Aegaswyn resolved to send a messenger to Greenwood that an elven child had been found. Her chest tightened at the thought that he would leave, but she could not justify keeping him if he did indeed have family mourning his loss. Her husband, Aron, lost now for two years, would never have approved, though he would've understood the gaping maw of grief that had never left her since their little son, Arion, had fallen from a fever.
Resolved to do what she could to reunite the boy with any family he may have, she mused at his baby-soft skin, trying to guage his age. He looked to be about three to four years old, and she couldn't quite remember if he would be younger or older. The rate of aging among elves was a source of no little confusion, after all.
If the messenger returned alone, what would she do? Keep the boy, obviously, and give him all that she could in place of his blood kin, but, what of his name?
She thought to not ask what he was called. She would teach him to write it, and he could record it for himself, but perhaps she would never hear his given name, that his family had given him.

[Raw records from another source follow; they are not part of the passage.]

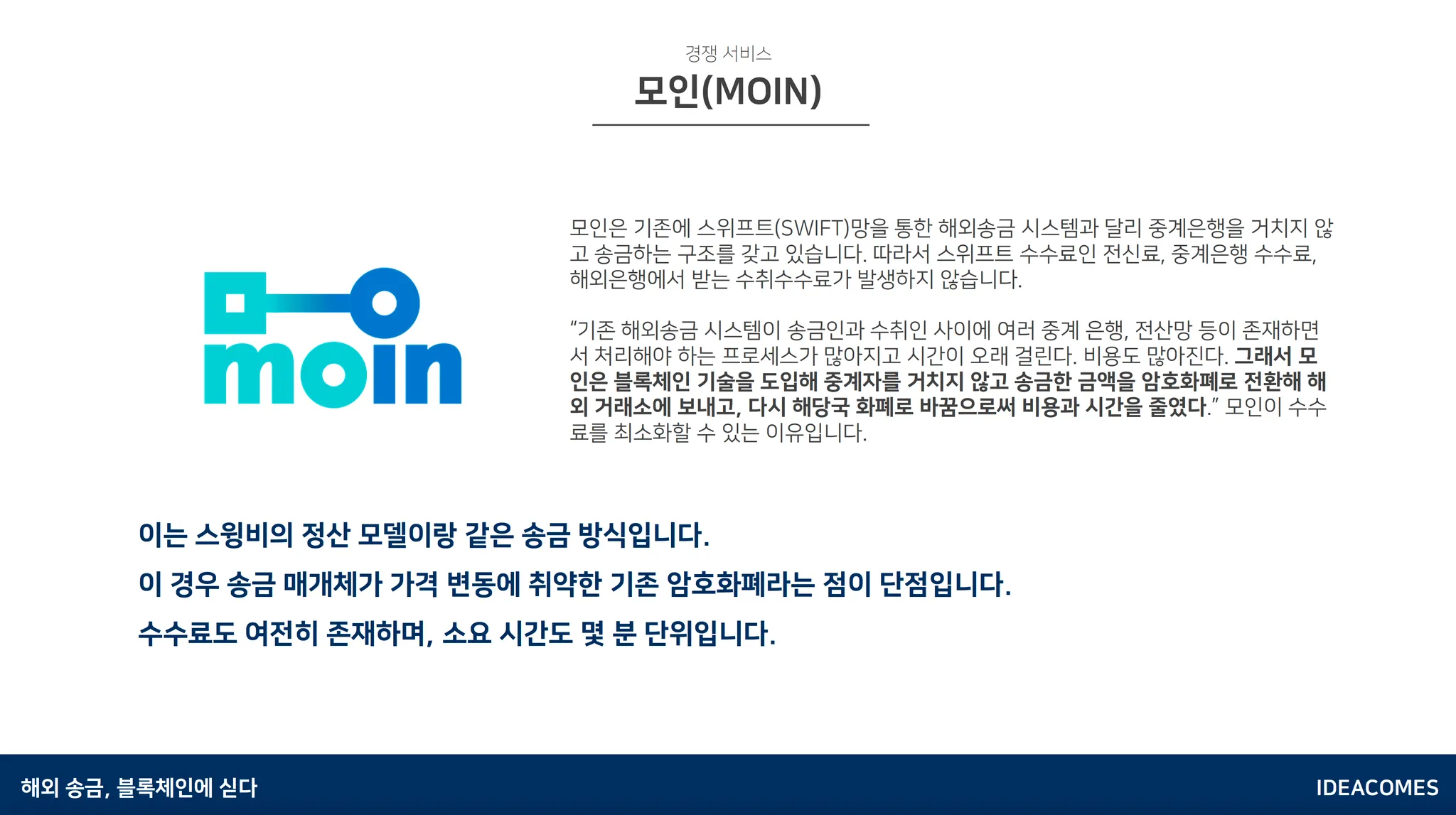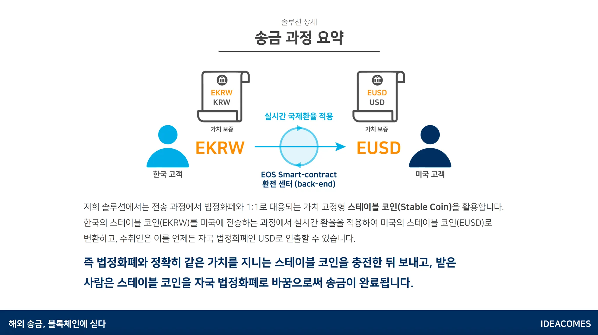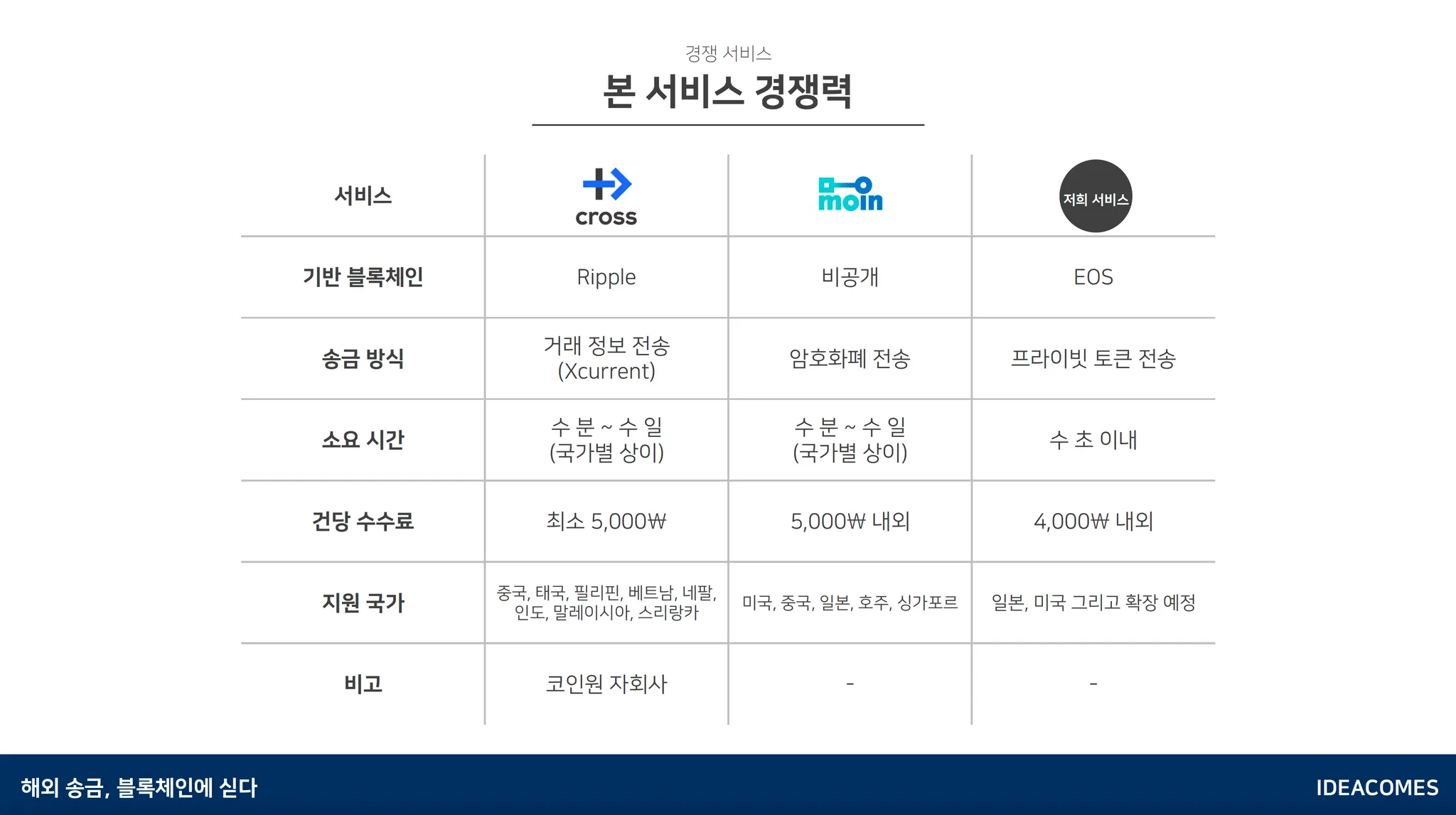 각국의 거래소들과 협약을 맺은 뒤, 법정화폐를 암호화폐로 환전 후 전송, 다시 상대 국가에서 법정화폐로 환전하는 방식입니다.
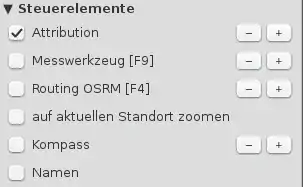 Das + auf grauem Hintergrund öffnet das wichtigste Werkzeug der Karte: die Ebenenauswahl. Hier können Kartenebenen (Layer) und Werkzeuge an- oder abgeschaltet werden.
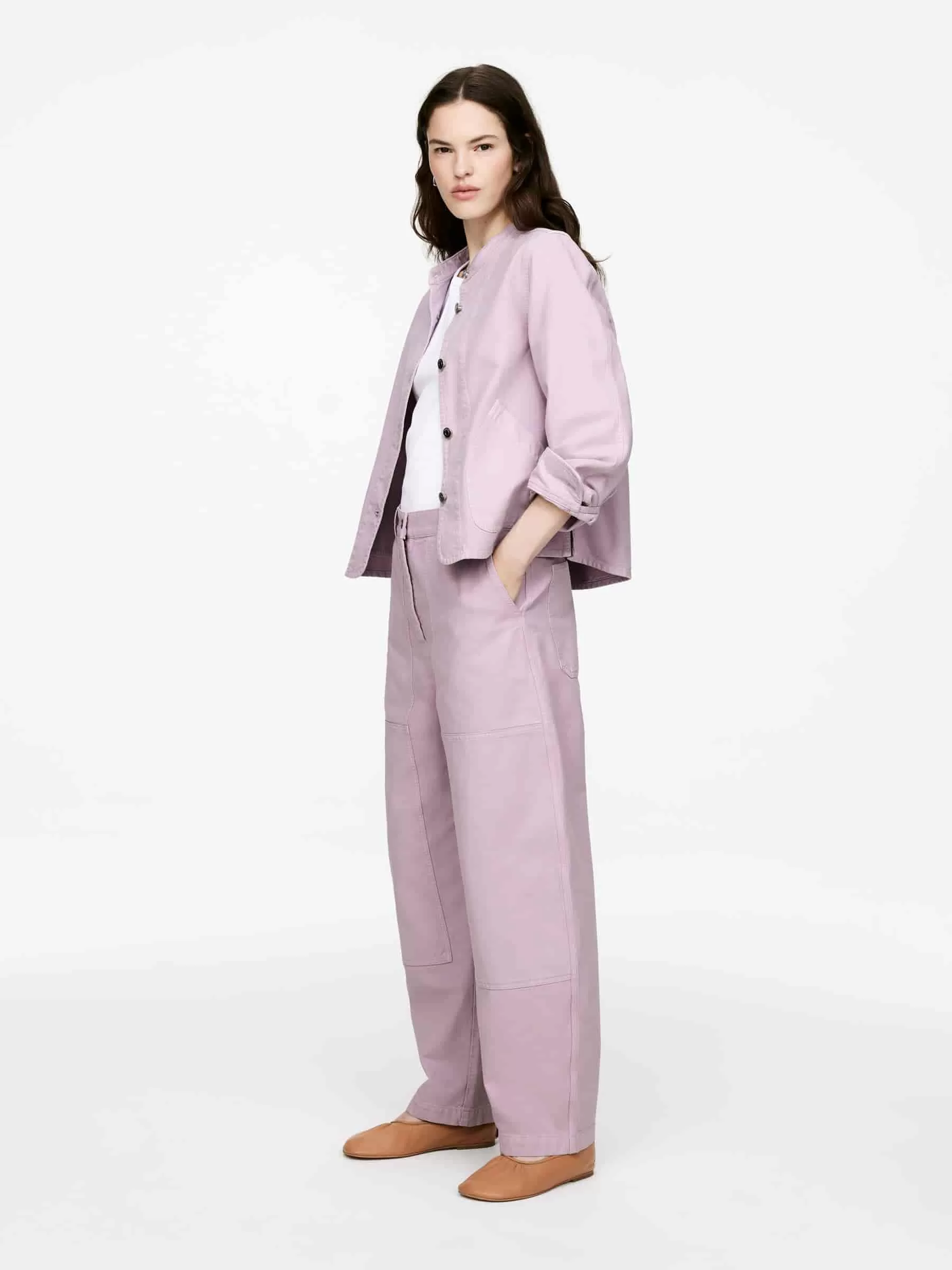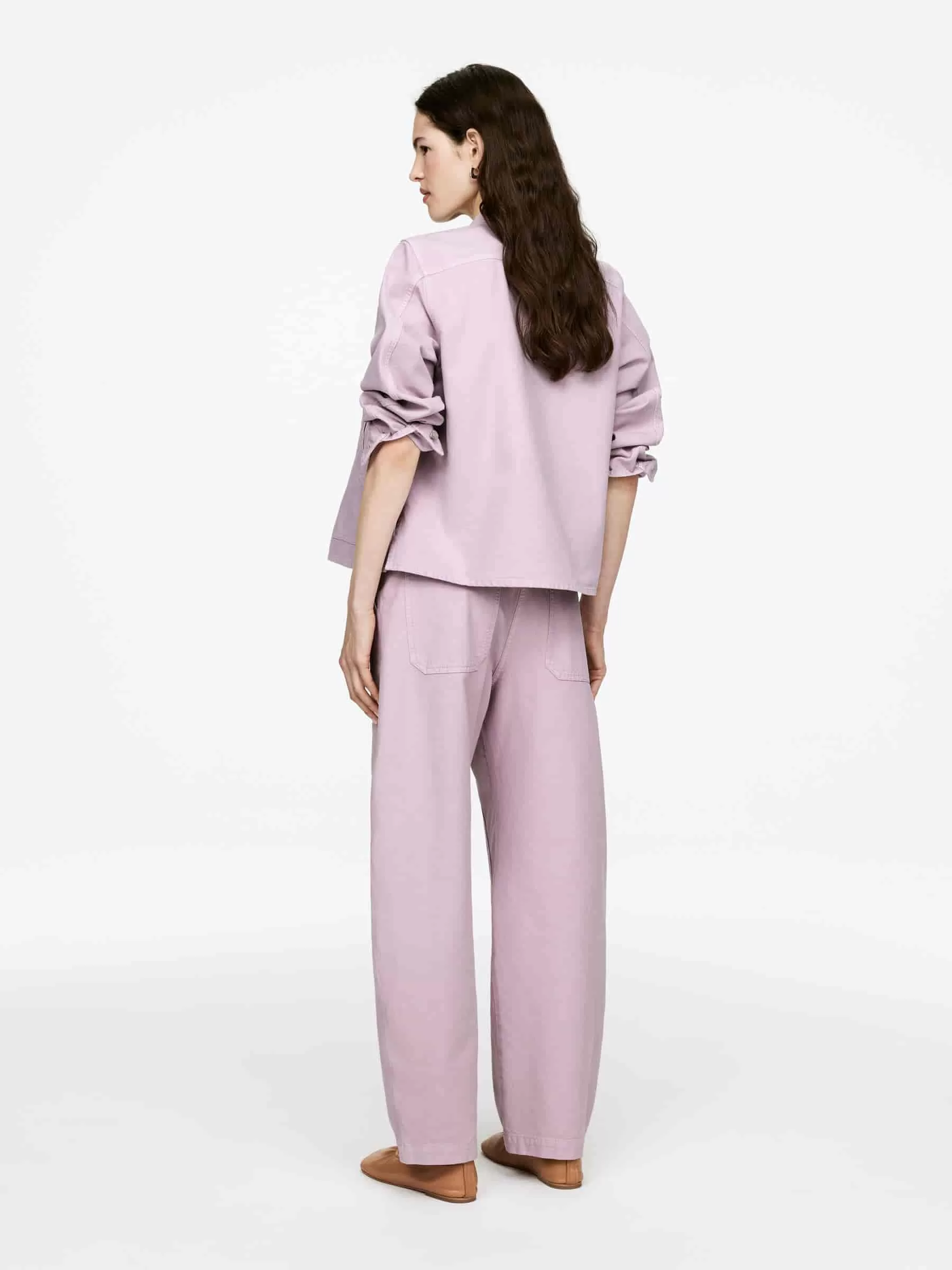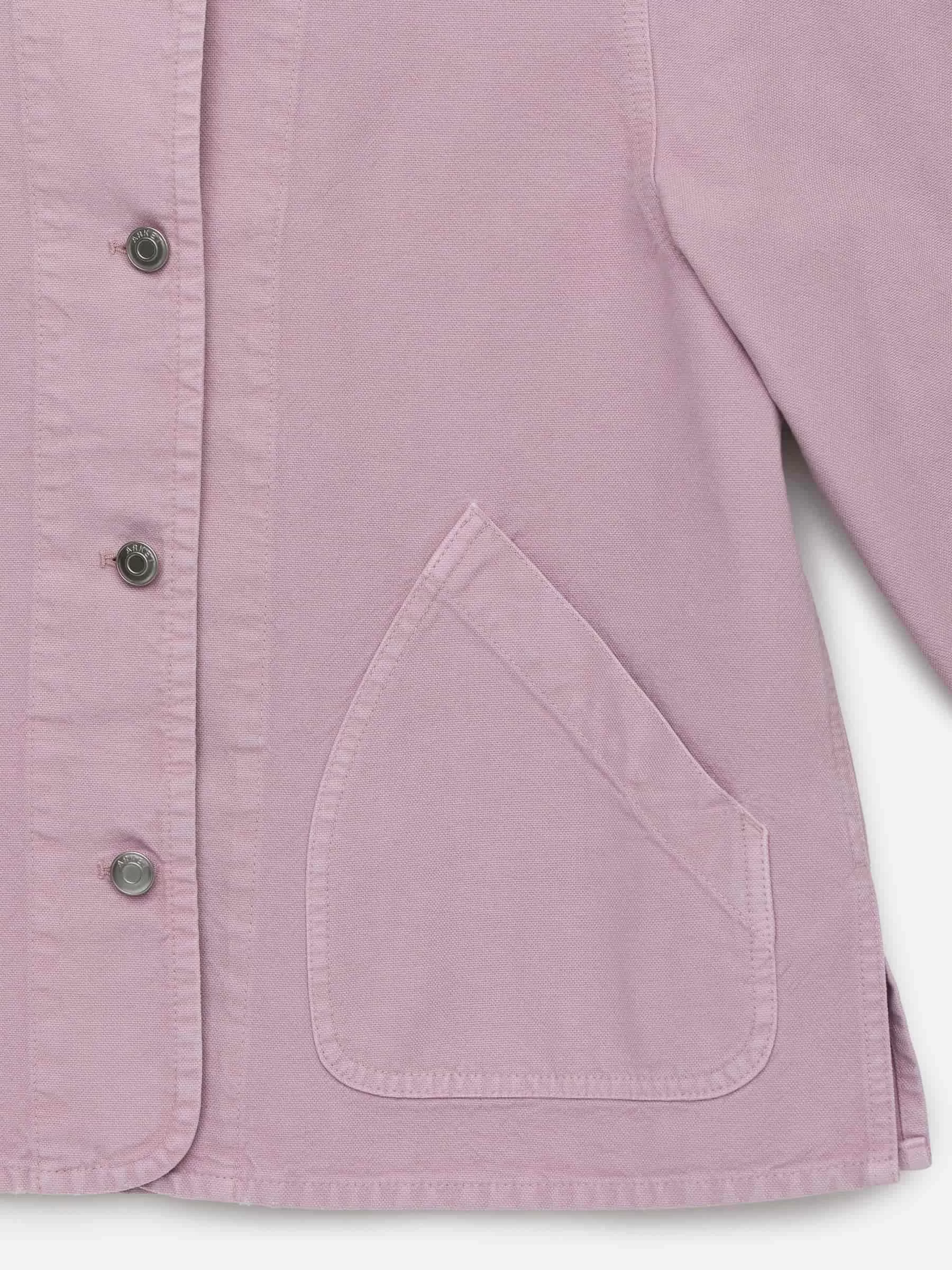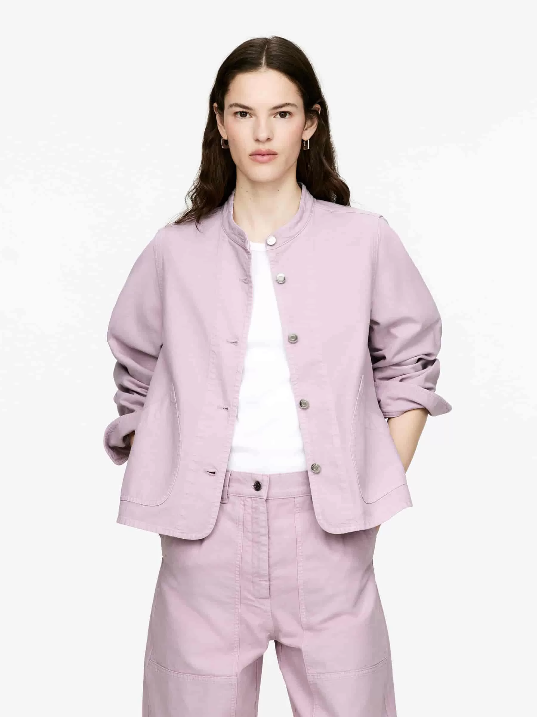 Stückgefärbtes Canvas-Overshirt mit Stehkragen, Ösenknöpfen und Vordertaschen. Normale Passform.
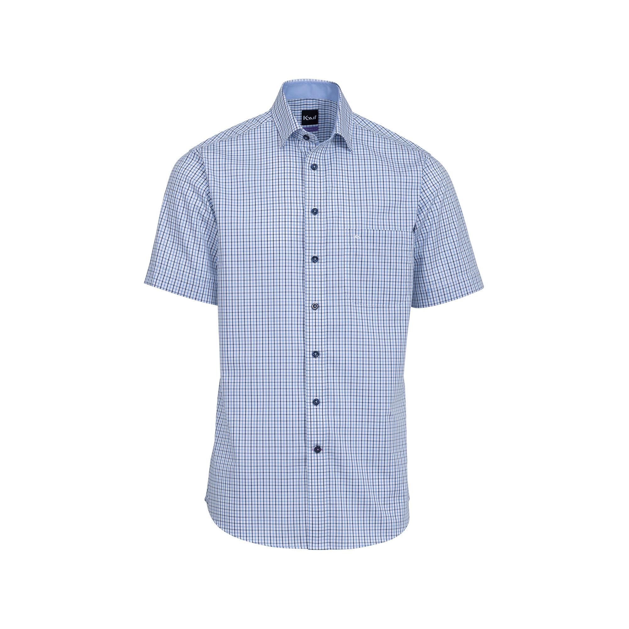 Questa camicia da ufficio a quadri firmata Kauf è realizzata in puro cotone e ha un taglio classico, un colletto alla francese, un taschino sul petto e un orlo arrotondato.
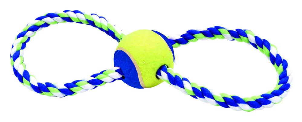 Rascals Figure 8 Rope Tug With Ball Dog Toy, 12"
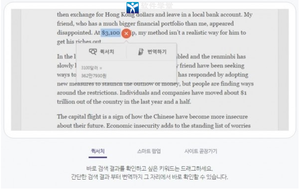 3、另外还有一些贴心技术,比如直接选中网页中的内容,就可以进行结果分析,比如汇率计算、翻译等。还有可方便管理的只能弹出窗口管理功能以及只要输入网站名就能进入网站的网址快速输入功能。
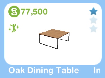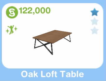 | Oak Loft Coffee Table |  | S113,000 | Lofty Lifestyle | S11,300 | -Coffee Tables & Desks -Simoleons -No Stars |
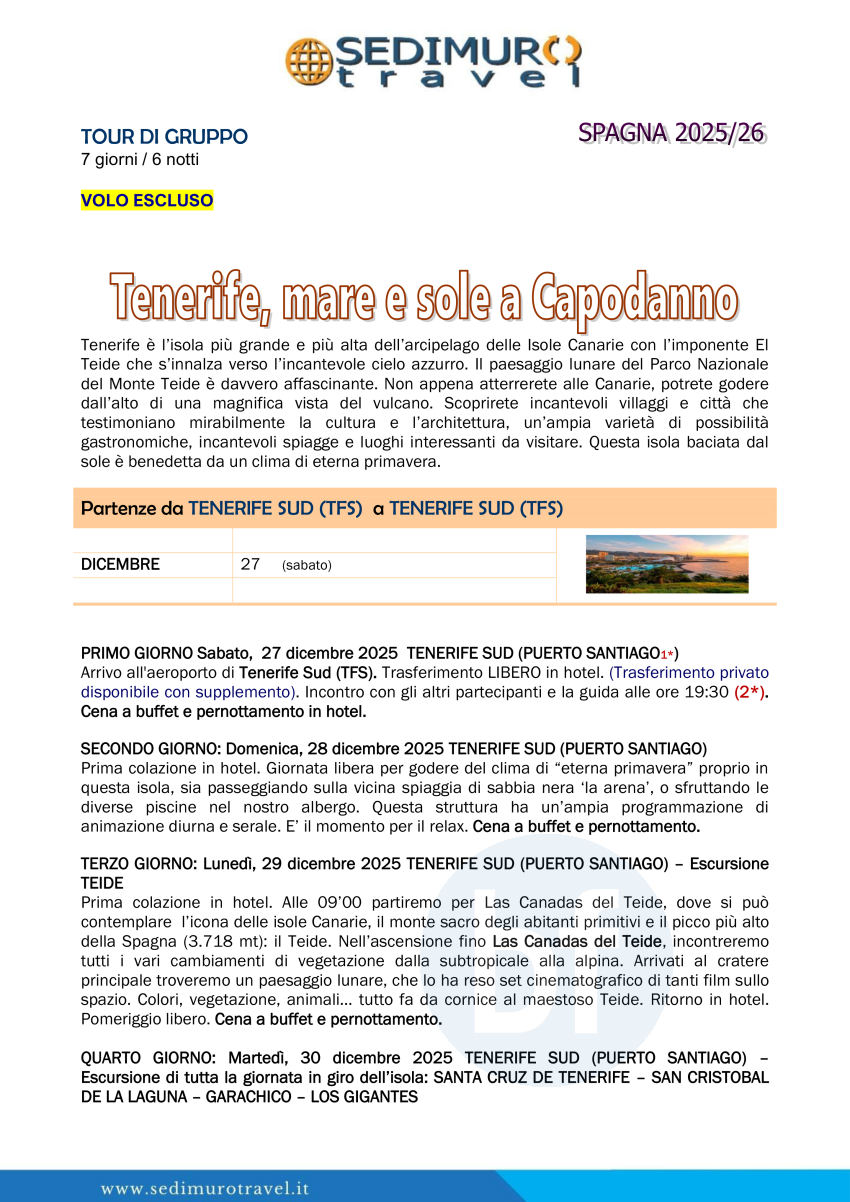Tenerife, mare e sole a Capodanno da Tenerife Sud 7 giorni
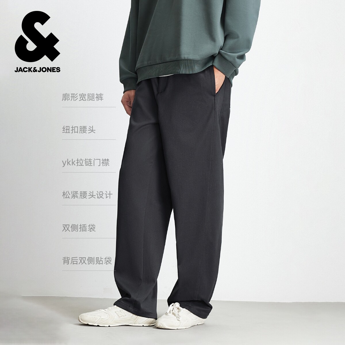 杰克琼斯男装休闲裤冬季新款长裤日常简约舒适纯色廓形裤子男款
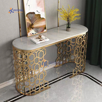 Lüks konsol masa toptan oturma odası zarif paslanmaz çelik altın taban mermer masa konsol masa
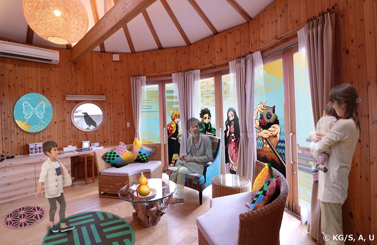 For a limited time only, from March 2025th (Sat) to December 3th (Sun), 15, two special collaboration rooms between Nijigen no Mori and the anime “Demon Slayer: Kimetsu no Yaiba” will be available! “Kizuna no Cocoon” is a space where you can experience the journey and bonds that the four characters, including Kamado Tanjiro, have woven, based on the concept of “A tale of bonds that travels around.” The room features a living room designed with a butterfly mansion motif and a bedroom with a wisteria flower crest motif. Up to three people can stay in this room.
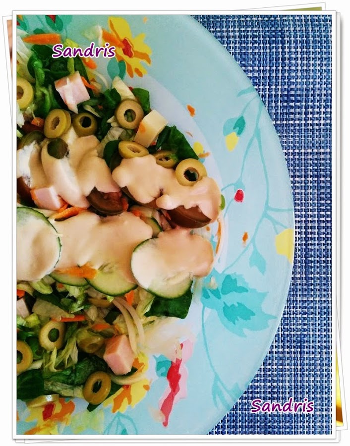 Esta vez me apetecía un montón de ingredientes, a veces nos apetecen recetas con pocos ingredientes y esta vez me apetecía una ensalada con bastantes ingredientes para darle un toque diferente. Me gusta mucho también variar el corte de los ingredientes, a veces en cubos, a veces en tiras, más grandes, más pequeños... Me gusta mucho variar y aunque siempre uso más o menos los mismos ingredientes, se nota la variación. En tema de salsitas, lo más habitual mío en ensaladas es aceite de oliva, sal y vinagre o limón pero a veces me apetece darle un toque especial y me invento una salsa. Lo que más uso es la mostaza dijon y a partir de ahí vario con vinagre de módena, limón, mayonesa, ketchup normal o picante, pimienta negra, perejil, orégano... depende del momento, de los ingredientes o de lo que apetezca en cada ocasión.

Perhaps that knowledge should be his, and his alone.
A new life deserved a new name, though Aegaswyn resolved to periodically remind him to think of his first name, and never to forget it, because it was his before she found him, and it was special.
And the name she gave him must be a special one, as well. A name that meant something to him, and would also mean something to his people, should he return to them. "Tinnûvion ar Carnenduin," she murmured reverently. Son of Twilight and the River Carnen.
The boy shifted in his sleep, settling deeper into the nest of blankets before the hearth, and Aegaswyn gave a soft smile.
Yes, he would return to his people someday, whether now, or when he was grown. She would make sure he was raised well, and would return to Greenwood proud of who he was and where he came from.
The next time a Ranger passed through, she would simply have to offer payment for his tutelage. They may not know everything, but they knew enough of the elves that Tinnûvion would know from whence he came, and would not fear returning one day.
Little did Aegaswyn know that it would be several thousand years, after the War of the Ring, before Tinnûvion would lay eyes on another elf.
And that the elf he met would be a mirror image of himself, right down to the startled blue gaze and hastily nocked arrow.